4.3.       Los van de identificatie- en verificatieverplichtingen voortvloeiend uit de Wna dient een notaris op grond van artikel 3 Wet ter voorkoming van witwassen en financieren van terrorisme (hierna: Wwft) een cliëntenonderzoek te verrichten ter voorkoming van witwassen en financieren van terrorisme. Een belangrijk onderdeel van het cliëntenonderzoek is het vaststellen van de identiteit van de uiteindelijk belanghebbende (de Ultimate Beneficial Owner (hierna: de UBO)) en het verifiëren van diens identiteit. Op een notaris rust dus in beginsel de verplichting een UBO vast te stellen.

4.4.       Bij een vermoeden van witwassen of financieren van terrorisme moet een notaris bovendien een verscherpt cliëntenonderzoek verrichten als een zakelijke relatie of transactie naar haar aard of in verband met de staat waar de cliënt woonachtig of gevestigd is of zijn zetel heeft, een hoger risico op witwassen of financieren van terrorisme met zich brengt (artikel 8 Wwft). Ook dient een notaris een verrichte of voorgenomen ongebruikelijke transactie onverwijld nadat het ongebruikelijke karakter van de transactie bekend is geworden, te melden aan de Financiële inlichtingen eenheid (artikel 16 Wwft) en is het verboden een zakelijke relatie aan te gaan met of een transactie uit te voeren voor een cliënt zolang het (verscherpt) cliëntenonderzoek nog niet is afgerond (artikel 5 Wwft). Onder een transactie in de zin van de Wwft wordt verstaan een handeling of samenstel van handelingen van of ten behoeve van een cliënt waarvan de notaris ten behoeve van zijn dienstverlening aan die cliënt heeft kennisgenomen; een direct of causaal verband tussen de ongebruikelijke transactie en de werkzaamheden van de notaris is geen vereiste. De meldingsplicht op grond van de Wwft kan ook van toepassing zijn als de dienstverlening door een notaris op zichzelf geen ongebruikelijk karakter heeft en geen rol speelt bij het faciliteren van witwassen.

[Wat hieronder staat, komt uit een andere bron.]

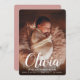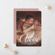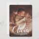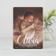 Lass den Namen des Babys in der Mitte der Bühne mit diesen eleganten Geburtsankündigungen, mit einem vertikalen Foto mit dem Vornamen des Babys überlagert in weißen Schriftzeichen. Personalisieren Sie sich mit dem Vor- und Mittnamen des Babys und den Geburtsstatistiken unten, und fügen Sie dem Rücken ein zusätzliches Foto hinzu, zusammen mit einer persönlichen Nachricht.

4.5.       Om uitvoering te kunnen geven aan de genoemde wettelijke bepalingen is de notaris gehouden alert te zijn op de vraag of zich in een dossier risico-indicatoren voordoen, zoals (onder meer) omschreven in de Specifieke leidraad naleving Wwft voor notarissen, kandidaat notarissen en toegevoegd notarissen en alle overige instellingen genoemd in artikel 1a lid 4 letter d Wwft (24 oktober 2018) (hierna: de Leidraad). Daarin is aangegeven welk type cliënt, welk type transactie, welk type dienstverlening en welk soort land aanleiding kan geven voor het doen van verscherpt cliëntenonderzoek. Mede ter voorkoming van financieel-economische malversaties moet een notaris de aan hem verstrekte informatie met de vereiste hoge mate van zorgvuldigheid beoordelen en zo nodig nader onderzoek verrichten. Het nalaten van een dergelijk onderzoek is een ernstige tekortkoming.

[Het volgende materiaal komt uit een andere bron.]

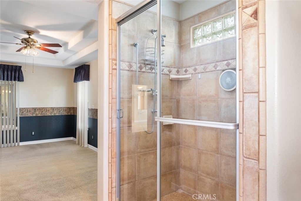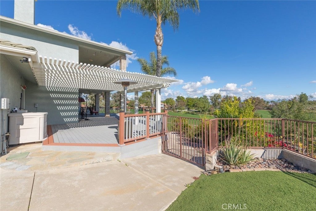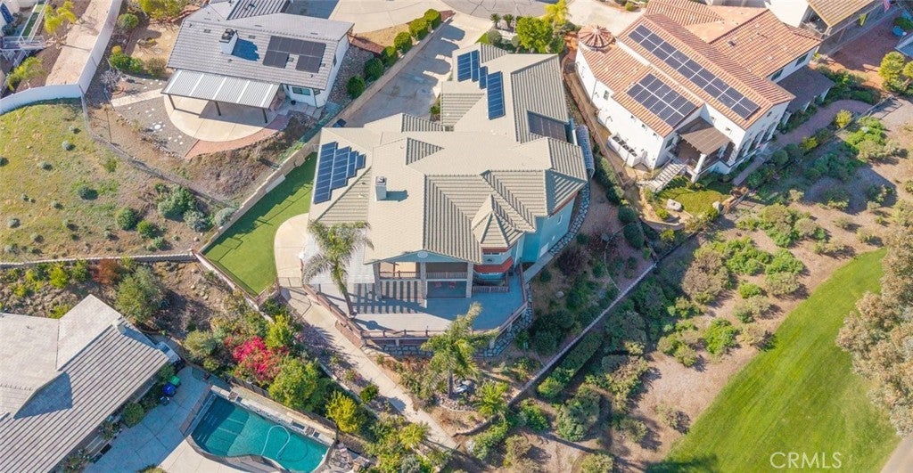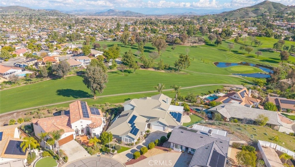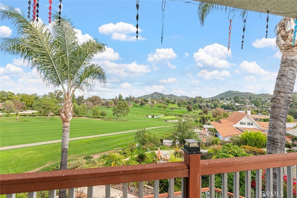 Put this home on the must-see list! Don’t miss this exceptional Canyon Lake residence, perfectly positioned at the end of a desirable cul-de-sac with stunning panoramic golf course views. This expansive home offers 5 bedrooms and 3.5 bathrooms, including two full ensuite primary bedrooms on the main level. An additional downstairs bedroom is currently used as a den or office, along with a formal living room and formal dining area. One primary suite offers dual sinks, walk-in shower, and walk-in closet, while the second features a walk-in shower, Jacuzzi tub, vanity area, and walk-in closet. A private outdoor sitting area sits between the two suites—perfect for morning coffee. Notable upgrades include high ceilings, LOW taxes, PAID-OFF solar, QuietCool whole-house fan, new vinyl windows, and a four-car tandem garage with epoxy floors and extensive storage. Travertine tile flooring runs throughout the main level with tasteful carpet insets in gathering spaces. The kitchen is beautifully appointed with birch cabinetry, imported Italian granite countertops, electric cooktop, double oven, microwave, dishwasher, center island with bar seating, and a dining area showcasing incredible golf course views. The kitchen opens to a spacious family room, creating a large great room with a built-in entertainment center, fireplace, and sliding doors leading to a massive Trex deck with covered patio, flagstone accents, and Alumawood patio cover. Plantation shutters and ceiling fans are featured throughout the main level, along with a convenient guest powder room. The oversized downstairs laundry room includes abundant cabinetry, counter space, and a utility sink. The backyard is meticulously maintained with turf landscaping, a designated dog area, and two large storage areas beneath the deck. Upstairs includes two additional bedrooms, a full bathroom with dual sinks, and a massive loft with wet bar, built-ins, private deck access, and breathtaking golf course views. Additional highlights include three A/C units, rain gutters throughout, lifetime transferable exterior paint warranty, and low-maintenance front and rear landscaping. Enjoy resort-style living with guarded gate entry, 18-hole golf course, 400-acre private lake, Jr. Olympic pool and kids’ pool, restaurants, beaches, parks, pickleball and tennis courts, equestrian facilities, campground, senior center, and easy access to shopping, schools, and the 15 & 215 freeways.

4.6.       Op welke wijze een cliëntenonderzoek moet plaatsvinden, wordt in de Wwft niet precies voorgeschreven. De notaris is verplicht de intensiteit van de cliëntenonderzoeksmaatregelen af te stemmen op de risico’s op witwassen en financieren van terrorisme in een concreet geval. De notaris dient steeds per cliënt de risico’s van een concreet geval te bepalen. Het risicoprofiel bepaalt de diepgang van het cliëntenonderzoek. Indien de risico’s op witwassen of financieren van terrorisme hoger zijn, dient de intensiteit van de cliëntenonderzoeksmaatregelen te worden vergroot.

Nadat de risico’s in kaart zijn gebracht, wordt van de notaris verwacht dat deze maatregelen treft  om de risico’s te beheersen (risicomanagement). Op welke wijze het risicomanagement wordt vormgegeven is aan de notaris zelf.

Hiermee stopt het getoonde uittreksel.